November 30, 2020

IN THE WALL STREET JOURNAL, A NICE REVIEW for Joe Pappalardo’s Inferno: The True Story of a B-17 Gunner’s Heroism and the Bloodiest Military Campaign in Aviation History.


In “Inferno,” Joe Pappalardo tells the story of B-17s over German-occupied Europe before long-range escort fighters could help them survive. His major character—and what a character!—is an over-aged juvenile delinquent, a 31-year-old among teenagers who as a little guy gets the ball turret.

Maynard Smith doesn’t have much to commend him, but the American military isn’t fussy in 1942. The Army willingly takes him on when he is delivered to the induction center in handcuffs. (He failed to pay child support, and the judge made him choose between prison and patriotism.) He earns sergeant’s stripes at the end of his training, such as it is, and finds himself in England as part of the nascent 8th Air Force.

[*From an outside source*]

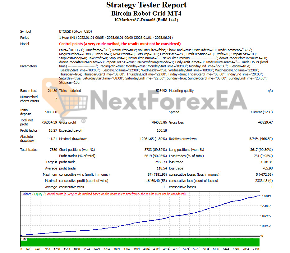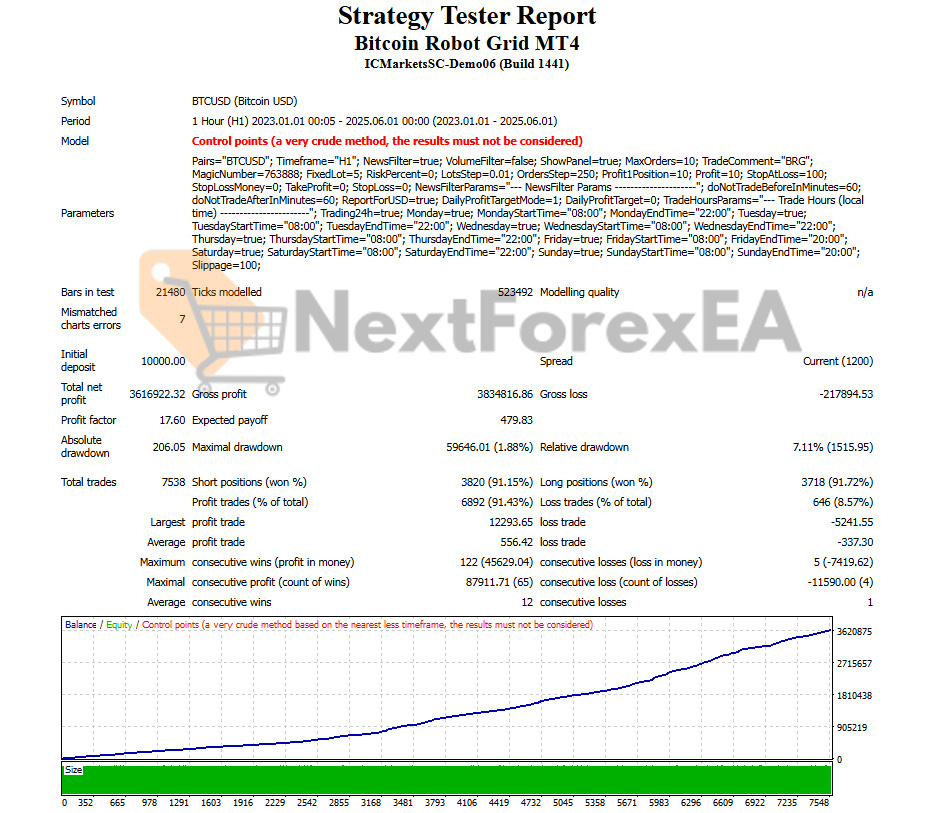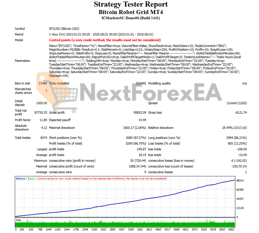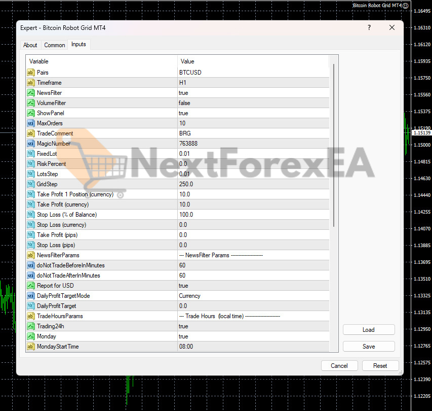 Bitcoin Robot Grid EA MT4 automates BTCUSD trading using a specialized grid methodology with integrated news filtering and risk management controls designed for Bitcoin’s unique volatility characteristics. This EA operates exclusively on H1 timeframes with 24/7 market coverage and requires only three core parameter adjustments for basic setup.

On his very first mission, Sgt. Smith runs into the worst sort of trouble, and for once he does everything right. He saves himself, the airplane and those still alive in it. For this, he is awarded the Medal of Honor, the first enlisted airman to receive America’s highest award for valor. Naturally, he will eventually lose those stripes and finish the war as a private.

I haven’t read it yet, but Pappalardo never disappoints.